Toshiba mobile-phone software will offer online reviews of products by using bar codes.TOKYO (AP) — Checking out the Internet buzz about a DVD, book or candy while on the go will become as easy as taking a snapshot of the bar code on the product.

Toshiba Corp., a Japanese electronics company that makes DVD players, laptops and nuclear power plants, has developed mobile-phone technology that searches for product reviews on up to 100 Web journals, or blogs, in 10 seconds.

Just use the phone’s digital camera to snap a photo of the bar code of a product you’re thinking about buying. The technology can decipher if the blog chatter is positive or negative and tallies the count to show if a product is getting rave reviews or being trashed by consumers. That’s useful if you’re in a store about to buy an item. Some of the more frequently visited blogs will also show up on the screen.

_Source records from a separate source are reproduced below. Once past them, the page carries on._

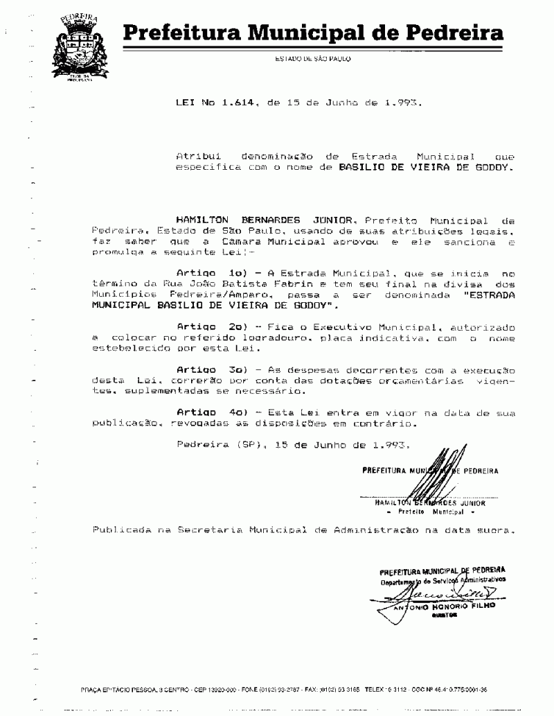 Ementa: Atribui denominação de Estrada Municipal que especifica com o nome de Basílio de Vieira de Godoy.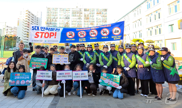 (대전=뉴스1) 이동원 기자 = 대전중부경찰서(서장 백기동)는 19일 등교시간대, 태평초등학교에서 녹색어머니회, 태평초교 교직원 및 학생들과 함께 어린이 교통안전 및 납치·유괴 예방 합동 캠페인을 펼쳤다. 이날 캠페인에서는 태평초교 어린이 보호구역 내 교통 안전 위험 요소를 점검하고, 학부모 대상 반칙운전 근절, 스쿨존 내 규정속도 준수 등 교통법규 준수를 당부했다. (대전경찰청 제공. 재판매 및 DB금지) 2025.11.19/뉴스1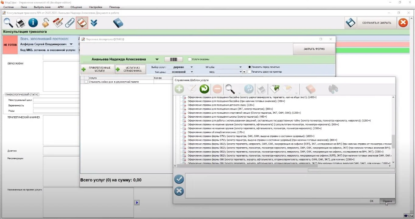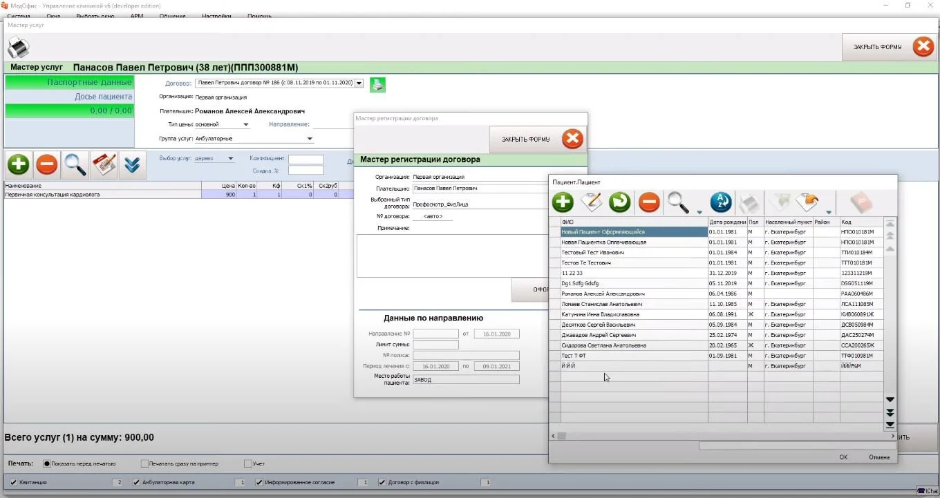 В «МедОфис» реализован документооборот по предоставлению платных медицинских услуг, включающий в себя: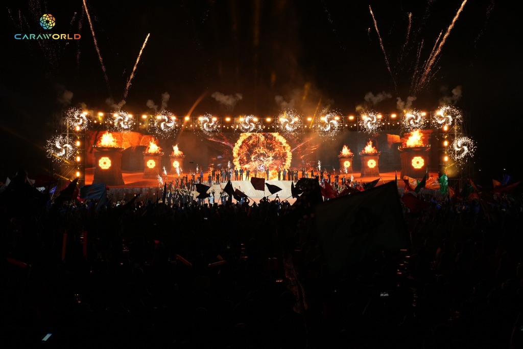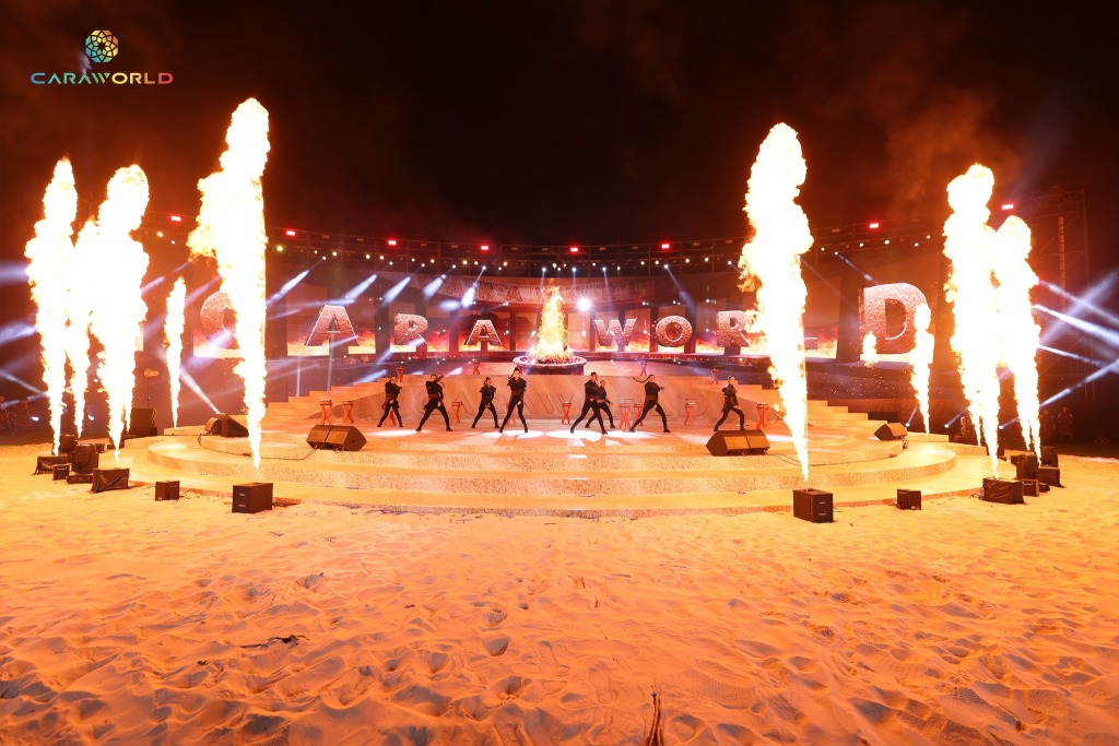 Sân khấu nổi bật với hệ thống ánh sáng hiện đại, màn hình LED dài kỷ lục và thiết kế độc đáo tái hiện hình ảnh một vùng sa mạc – biểu tượng gắn liền với hành trình kiến tạo Siêu đô thị biển CaraWorld. Đây không chỉ là nơi diễn ra chương trình mà còn là trái tim của sự kiện, nơi CaraWorld gửi gắm tinh thần “trỗi dậy” mạnh mẽ và khát vọng tạo nên những giá trị khác biệt, độc nhất.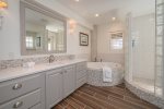 The large primary bath downstairs has a large soaking tub, and a separate shower and private toilet.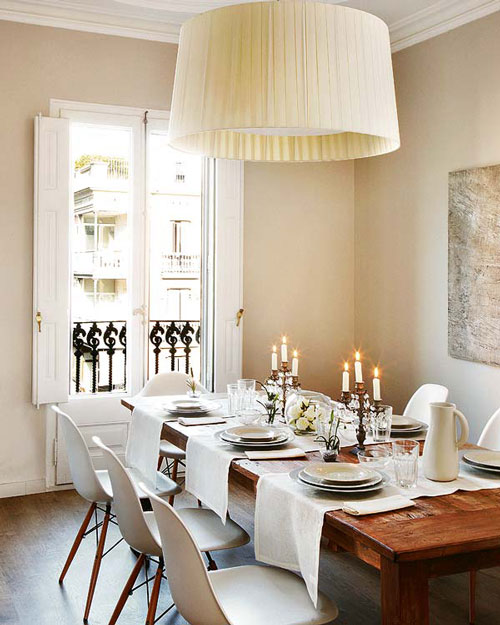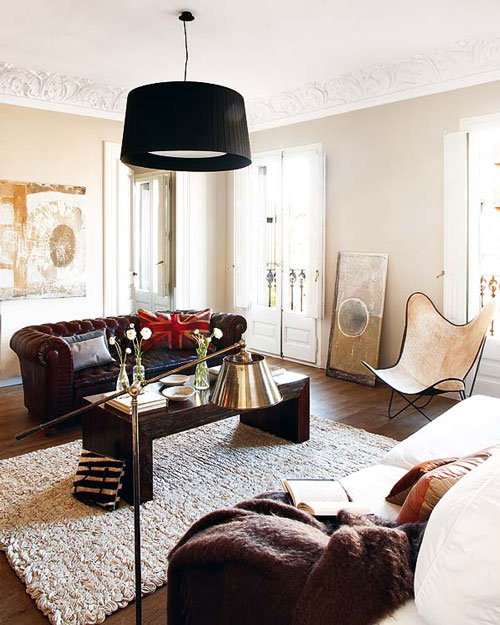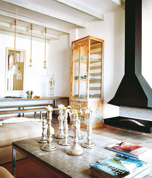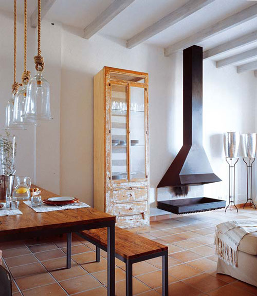 My fiancé and I spent the evening at my parent’s place getting the trailer put into place in the back corner of their acre property. (For trailer details check out her blog posts here). It looks TOTALLY adorable and is coming along quite nicely, especially after a coat of paint from my twin sister, and now that it’s off the driveway. My mom wants to have a little deck/stairs built out front of it and do some planting around it. I am hoping we can at least spruce the outside up a bit in the next 2 weeks before the wedding so we can get some photos in front of it. 🙂 That all being said (perhaps I’m rambling because we’re in day 4 or 5 of a ridiculous heat wave here and I’m lacking sleep) I didn’t have much time for blog stuff so I figured I’d just slap up some more photos from the lovely www.micasarevista.com. The first bunch are of a cool renovated apartment that is just the right amount of funky (hello brown leather chesterfield!) and vintage and comfy furnishings. The last 2 are of a gorgeous dining space (I love benches for seating at a dining table).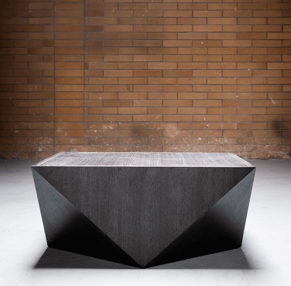 The Gavin Brushed Carbon Coffee Table offers Aged Bronze metal accent with a geometric base. The table is made of metal and oak veneer.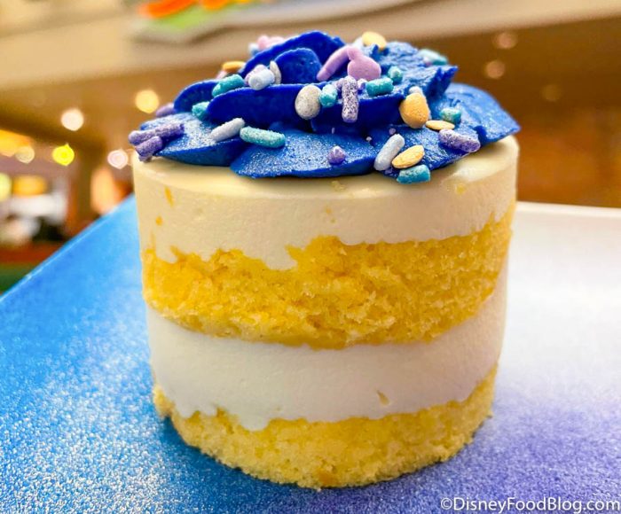 First up is the Mini Chocolate Bundt Cake for $5.49. This miniature cake is covered in chocolate ganache and filled with chocolate mousse. On top you’ll find sprinkles, and icing dusted with EARidescent shimmer, as well as a 50th Anniversary garnish made of chocolate.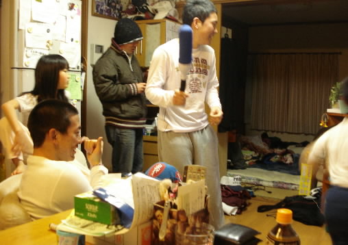 ▲その後は野球の体感テレビゲームに白熱!! 健介&小僧チームVS岡部&女神チーム! 勝ったのは~~健介チーム! ということで今度は岡部の顔に落書きです(^。^;) 写真は最後の方かなっっ メチャ部屋が散らかってるのが恥ずかしいf^_^; 奥の部屋にはもう布団敷いてますねっっ でもって、後ろに立ってるのは帰ってきた小坂コーチ!

The bar-code information is sent wirelessly to a Toshiba server, which gathers data on blogs from the Internet and analyzes them, and then sends a reply back to the cell phone.

Toshiba expects to have information on thousands of products covering just about anything you might buy at a store — from toys to electronic gadgets to food.

Toshiba plans to test the software at Japanese stores next month and hopes to offer it as a service on cell phones before April 2007, although details aren’t decided. Blog searches and bar codes that link to Web pages are already available on personal computers and portable devices, but Toshiba officials say their technology is convenient for shopping because it’s for cell phones and carries out real-time blog searches from bar-codes.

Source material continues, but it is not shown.